Do some imports everywhere

[2]:
%%px --local
import os
import time
import numpy
from numpy.linalg import norm
[3]:
def random_norm(n):
    """Generates a 1xN array and computes its 2-norm"""
    A = numpy.random.random(n)
    return norm(A, 2)

The basic async API hasn’t changed:

[4]:
f = rc[-1].apply(random_norm, 100)
f
[4]:
<AsyncResult: random_norm>
[5]:
f.get()
[5]:
5.9875490723743265

But the familiar AsyncResult object is now a Future:

[6]:
f.__class__.mro()
[6]:
[ipyparallel.client.asyncresult.AsyncResult,
 concurrent.futures._base.Future,
 object]

This means that we can use Future APIs to access results, etc.

[7]:
f.result()
[7]:
5.9875490723743265
[8]:
import os
f = rc[-1].apply(os.getpid)
f.add_done_callback(lambda _: print("I got PID: %i" % _.result()))
f.get()
I got PID: 7892
[8]:
7892

A more complex example shows us how AsyncResults can be integrated into existing async applications, now that they are Futures:

[9]:
from tornado.gen import coroutine, sleep
from tornado.ioloop import IOLoop
import sys

def sleep_task(t):
    time.sleep(t)
    return os.getpid()

@coroutine
def background():
    """A backgorund coroutine to demonstrate that we aren't blocking"""
    while True:
        yield sleep(1)
        print('.', end=' ')
        sys.stdout.flush() # not needed after ipykernel 4.3

@coroutine
def work():
    """Submit some work and print the results when complete"""
    for t in [ 1, 2, 3, 4 ]:
        ar =  rc[:].apply(sleep_task, t)
        result = yield ar # this waits
        print(result)

loop = IOLoop()
loop.add_callback(background)
loop.run_sync(work)
. [7885, 7886, 7891, 7892]
. . [7885, 7886, 7891, 7892]
. . . [7885, 7886, 7891, 7892]
. . . . [7885, 7886, 7891, 7892]

So if you have an existing async application using coroutined and/or Futures, you can now integrate IPython Parallel as a standard async component for submitting work and waiting for its results.

Executors

Executors are a standard Python API provided by various job-submission tools.

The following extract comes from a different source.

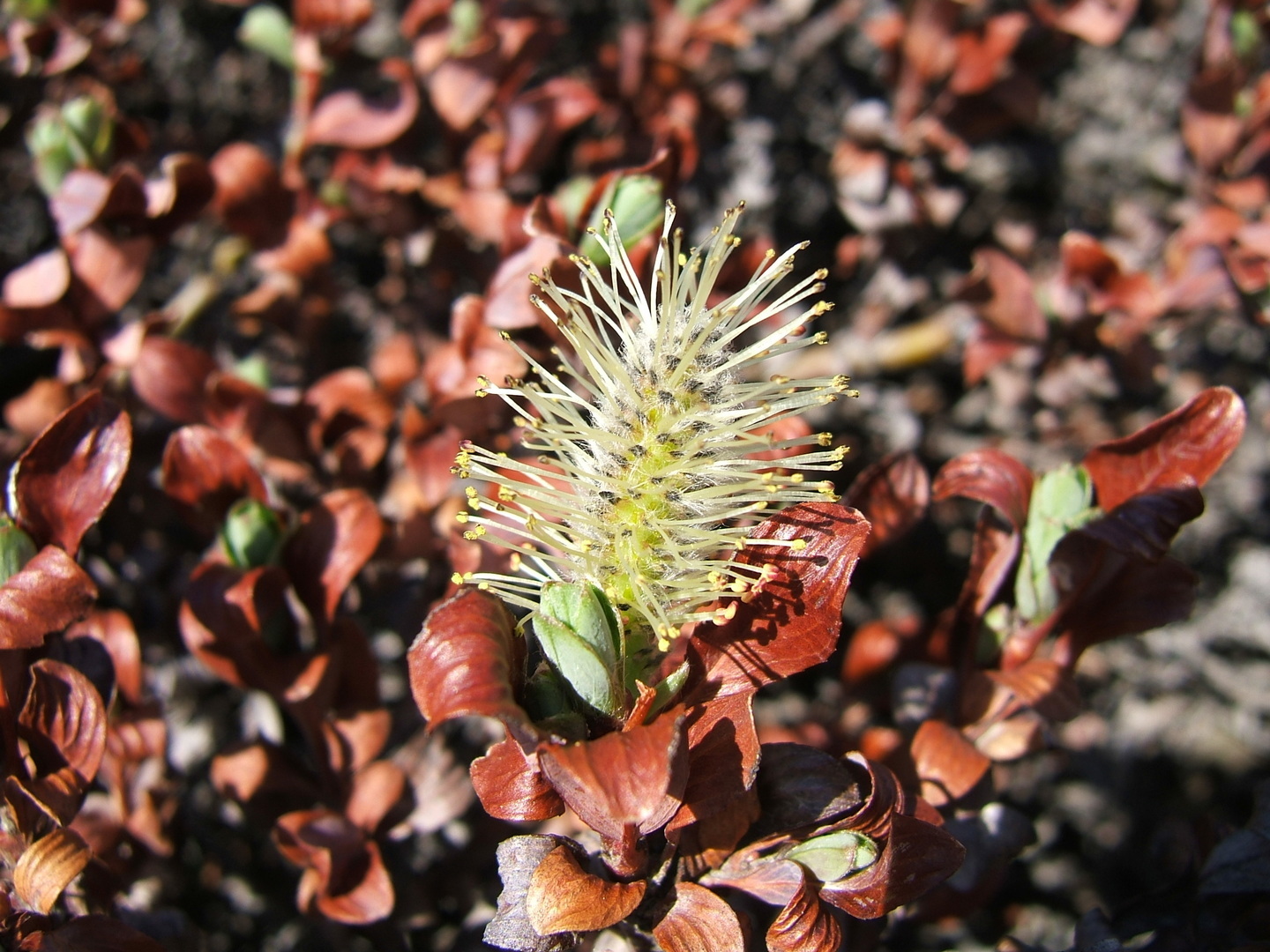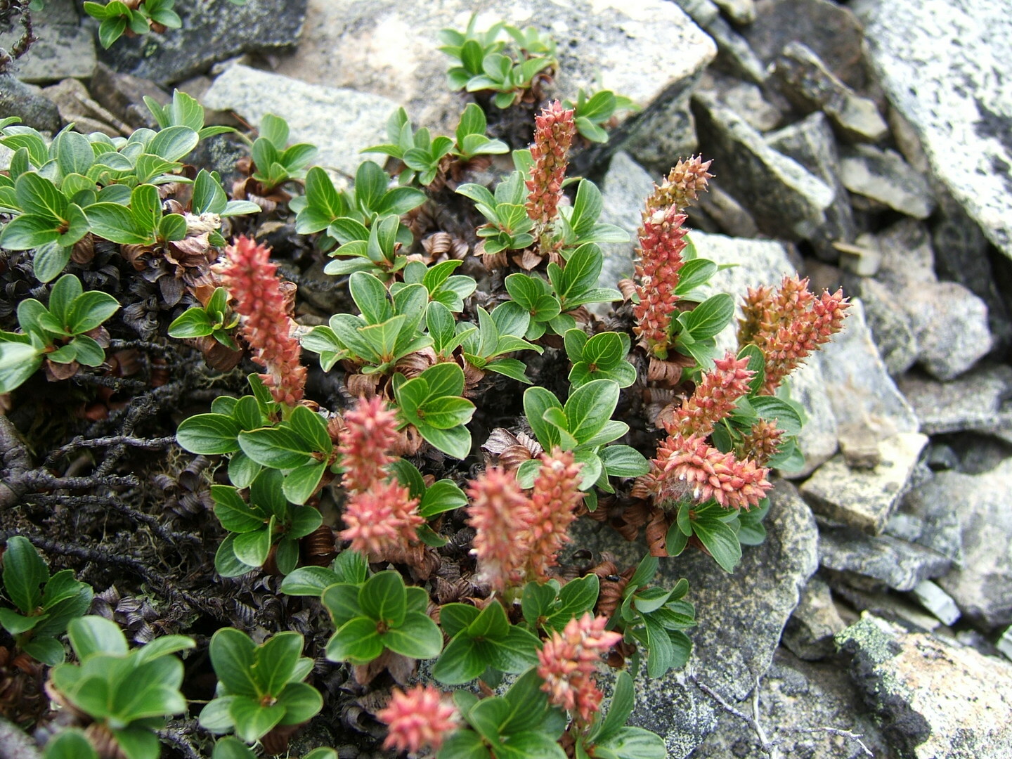 Описание. Распростертый или подушковидный кустарник высотой 0,2−0,3 м, образующий плотную «подушку». Старые ветви толщиной до 1 см, укореняются. Побеги короткие, каштаново- или красно-бурые, блестящие, голые. Почки диморфные, т. е. генеративные почки отличаются от вегетативных. Цветочные почки длиной 3−4 мм, яйцевидно-ланцетовидные, блестящие. Прилистники длиной 2−3 мм. Черешки длиной 2−8 мм, голые. Листовые пластинки длиной 1,5−3 см, шириной 0,5−1,5 см эллиптически-ромбические или обратнояйцевидные, в основании клиновидные, мелко-острозубчатые, кожистые, голые, сверху зеленые и блестящие, снизу бледно-зеленые. Отмершие листовые пластинки несколько лет сохраняются на ветвях, они коричневые или фиолетово-коричневые. Генеративные побеги до 1 см длиной, без развитых листьев, сережки длиной 2−3 см. Двудомное: мужские и женские сережки на разных растениях. Мужские светло-желтые, женские сережки при плодах зеленовато-кирпичного цвета или зеленые, коробочки покрыты очень коротким прижатым пушком. Зрелые семена с пучком тонких белых волосков, созревают в июле. Во второй половине лета все растение начинает издавать сладкий медовый аромат, по которому его легко отличить от других видов ив.

A standard API such as Executor is useful for different libraries to expose this common API for asynchronous execution, because it means different implementations can be easily swapped out for each other and compared, or the best one for a given context can be used without having to change the code.

With IPython Parallel, every View has an .executor property, to provide the Executor API for the given View. Just like Views, the assignment of work for an Executor depends on the View from which it was created.

You can get an Executor for any View by accessing View.executor:

[10]:
ex_all = rc[:].executor
ex_all.view.targets
[10]:
[0, 1, 2, 3]
[11]:
even_lbview = rc.load_balanced_view(targets=rc.ids[::2])
ex_even = even_lbview.executor
for pid in ex_even.map(lambda x: os.getpid(), range(10)):
    print(pid)
7891
7885
7891
7891
7891
7891
7885
7885
7885
7885

Typically, though, one will want an Executor for a LoadBalancedView on all the engines. In which case, use the top-level Client.executor method:

[12]:
ex = rc.executor()
ex.view
[12]:
<LoadBalancedView None>

Comparing Executors

Let’s make a few Executors:

The distributed executor assumes you have started a distributed cluster on the default local interface, e.g.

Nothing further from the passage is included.